White, who stormed into San Francisco’s government offices with a .38 revolver, had reportedly been angry about Moscone’s decision not to reappoint him to the city board. Firing upon the mayor first, White then reloaded his pistol and turned his gun on his rival Milk, who was one of the nation’s first openly gay politicians and a much-admired activist in San Francisco. 

Future California Senator and then-Supervisor Dianne Feinstein, who was the first to find Milk’s body, found herself addressing a stunned crowd at City Hall. “As president of the Board of Supervisors, it’s my duty to make this announcement: Both Mayor Moscone and Supervisor Harvey Milk have been shot and killed. The suspect is supervisor Dan White.”


White, who was caught soon after the murders, pleaded a “diminished capacity” defense, claiming that copious amounts of junk food, combined with distress over the loss of his job, caused him to suffer mental problems. The so-called “Twinkie Defense” appeared to be successful, and, in 1979, White was found guilty of voluntary manslaughter rather than murder. Public outrage was so widespread that California revoked the diminished capacity defense in subsequent cases.

Following the murders, both riots and peaceful candlelight demonstrations took place as the city of San Francisco publicly mourned the loss of two of its most cherished and respected civic leaders. For his crime, White received a five-year prison sentence. After his release, he took his own life.






__





San Francisco leaders George Moscone and Harvey Milk are murdered


Former Board of Supervisors member Dan White murders Mayor George Moscone and Supervisor Harvey Milk at City Hall in San Francisco, California. White, who




www.history.com





PS: And she has been an anti gun vampire ever since.


----------



## KUSA (Apr 21, 2016)

Steve40th said:


> She needs to retire.. Her anti gun, anti 2 a bills are just her appeasing her base.


She is 87. It’s time for her to meet Jesus.


----------



## Back Pack Hack (Sep 15, 2016)

KUSA said:


> She is 87. It’s time for her to meet Jesus.


Isn't that like............ 129 on the metric scale?


----------



## RedLion (Sep 23, 2015)

She is well known to be demented like China Joe. A big reason that she was told to give up all of her committee positions a couple of years ago.


----------



## Demitri.14 (Nov 21, 2018)

If this is enacted, I will be Red-FLagging a lot of local BLM activists, they scare me and I feel threatened !


----------



## ItsJustMe (Dec 12, 2020)

The state in which I live has a one of these laws. I have read it. It is scary. A person can call local police, report you as a danger, the police do not need a warrant. They show up at your door, take everything related, arrest you, and they then have two weeks to go to court. This law has been used by persons with only revenge for some personal agenda in mind. It can take up to a year to get your items back. It has happened.
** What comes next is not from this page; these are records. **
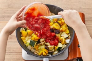 トマトは粗くつぶして缶汁ごと加え、Aを加えて、サッと混ぜ合わせフタをして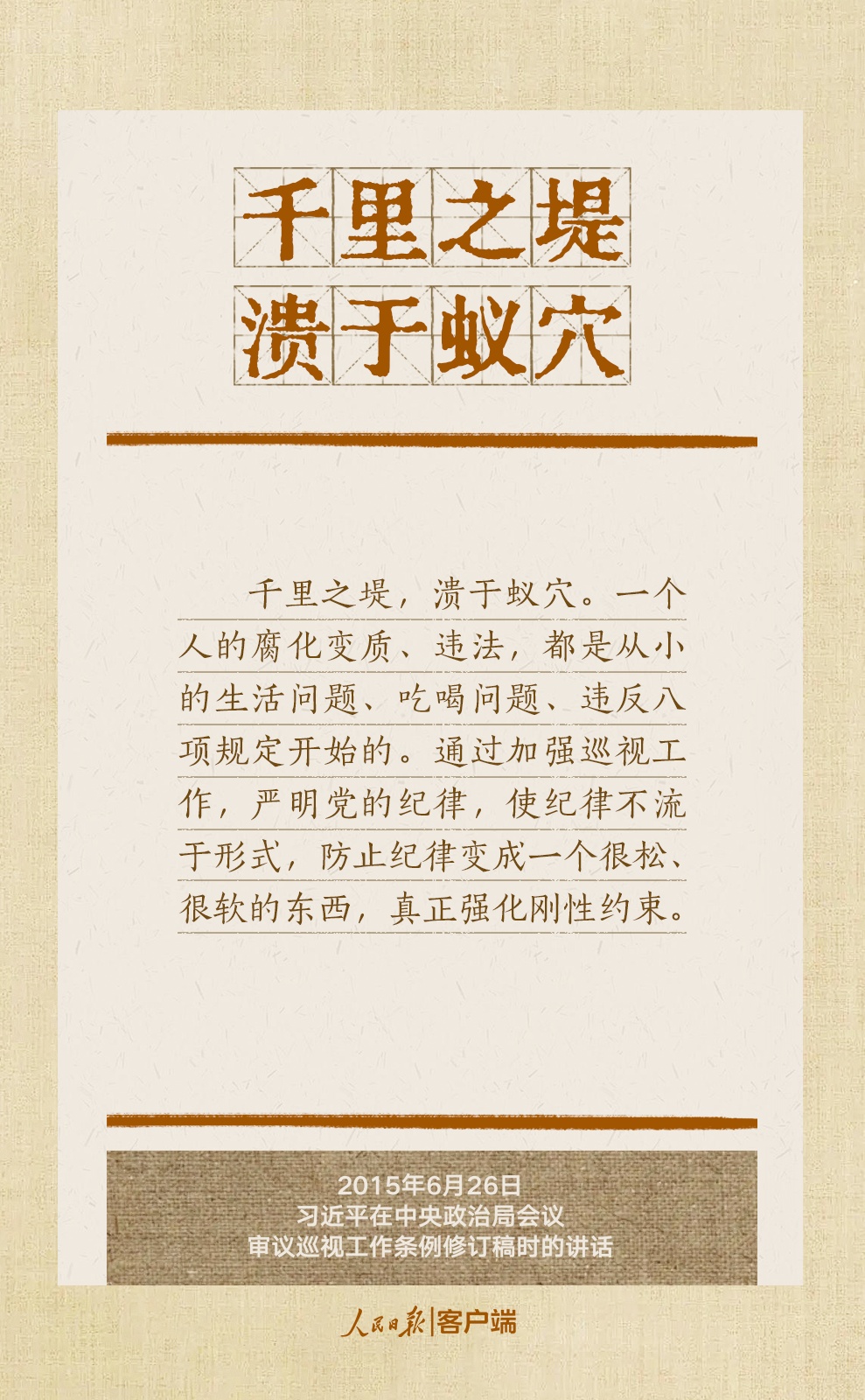 党的十八大以来,习近平总书记多次就抓好党的作风建设、贯彻落实中央八项规定精神发表重要讲话,作出重要批示,提出明确要求。“没有规矩,不成方圆”、“己不正,焉能正人”、“尽小者大,慎微者著”……总书记引用的这些古语耐人寻味。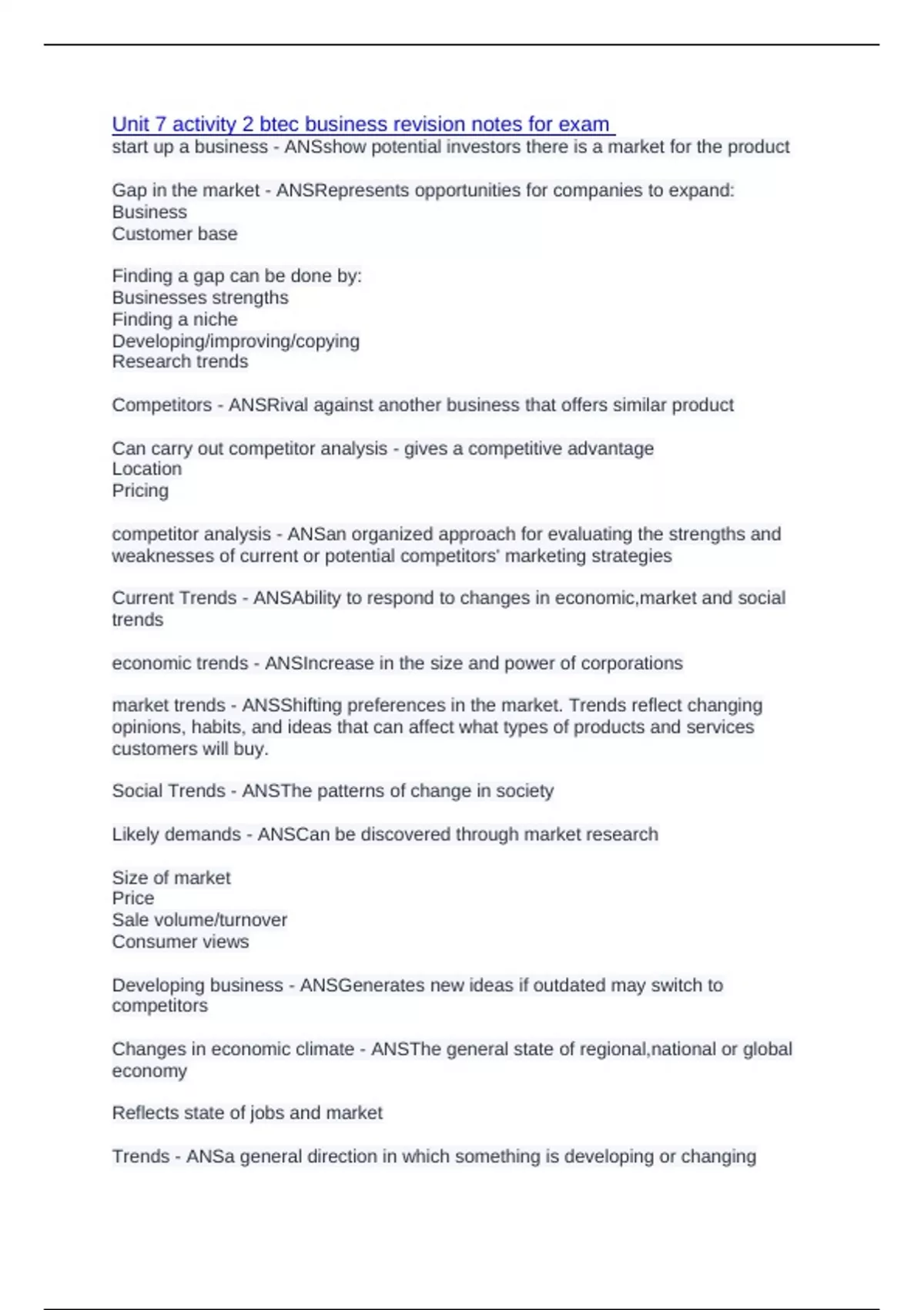 Unit 7 activity 2 btec business revision notes for exam
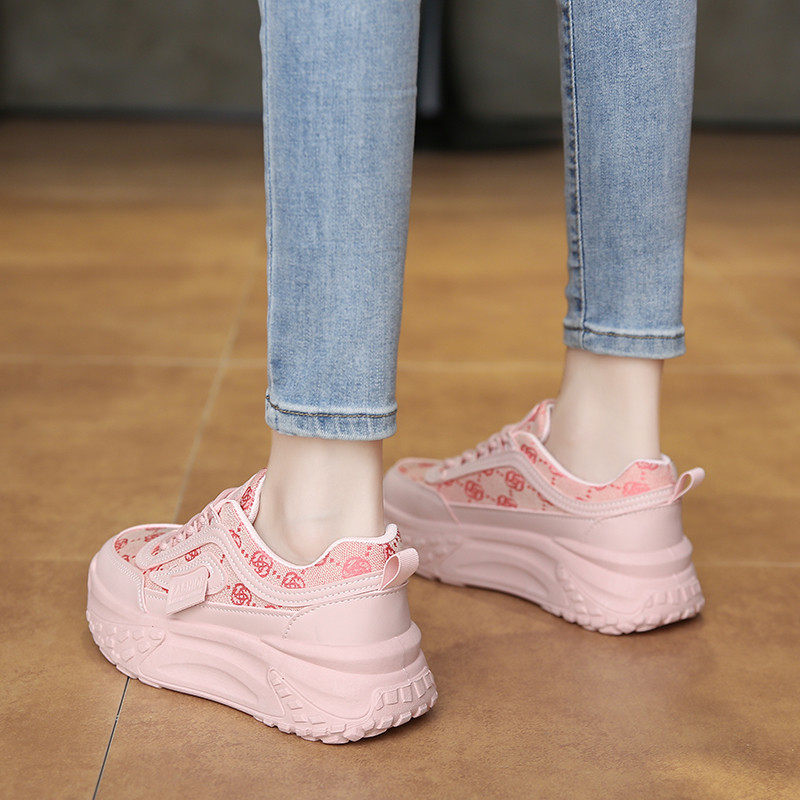 时尚蜘蛛王女鞋老爹鞋2026爆款秋冬粉色运动鞋34码真皮孕妇软底松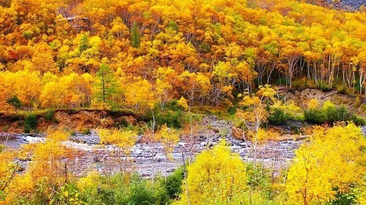 森林深处,高耸挺拔的常绿松柏、满身金黄的落叶松、开满粉黄树叶的白桦、姹紫嫣红的灌木丛一起组成了一幅金秋油画。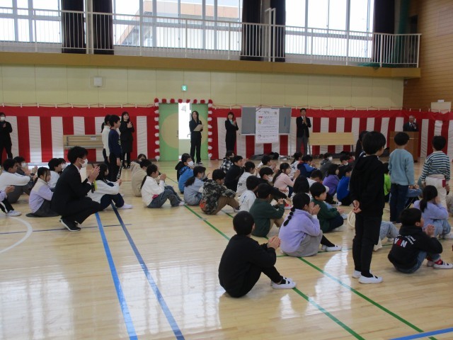 漢字・計算コンテストの満点賞の発表です。がんばった東小っ子が立って、みんなから賞賛されました。

Not only do you need to keep your mouth shut about your preps, you need to keep it shut about what you own in regards to this, too.


----------



## Back Pack Hack (Sep 15, 2016)

If you actually read some of the laws, it's impossible to get your boomsticks back. In some cases, it's required that you be placed on the Prohibited Person's list. _Automatically._ Before SWAT shows up at 3AM bustin' down your door.

Good luck getting taken off it.


----------



## Weldman (Nov 7, 2020)

Besides the president about every cabinet member on democratic side and such he picked is from California. So with that said California is now in full force of running this country. 


inceptor said:


> Montana's lucky. They don't have hoards of liberals moving in to escape all the excessive taxes and laws they created in their previous state.


Actually we do they are coming from Washington state and California along with Minnesota and headed to Missoula to make it as Seattle is. That is running the state and making everyone else's vote worthless on the other side of the state. We got lucky this election but we are just one election from losing it all as other states.


----------



## Back Pack Hack (Sep 15, 2016)

Weldman said:


> ...... California is now in full force of ruining this country........


Fify.


----------



## inceptor (Nov 19, 2012)

Weldman said:


> Actually we do they are coming from Washington state and California along with Minnesota and headed to Missoula to make it as Seattle is. That is running the state and making everyone else's vote worthless on the other side of the state. We got lucky this election but we are just one election from losing it all as other states.


They are well on the way to ruining this country. Welcome to the new USSA.


----------



## 65mustang (Apr 4, 2020)

inceptor said:


> Montana's lucky. They don't have hoards of liberals moving in to escape all the excessive taxes and laws they created in their previous state.


Montana does indeed have west coast liberals moving in and pushing up home/land prices and bringing their liberal ideas with them. Wyoming has them too, ours come from ColoFornia.


----------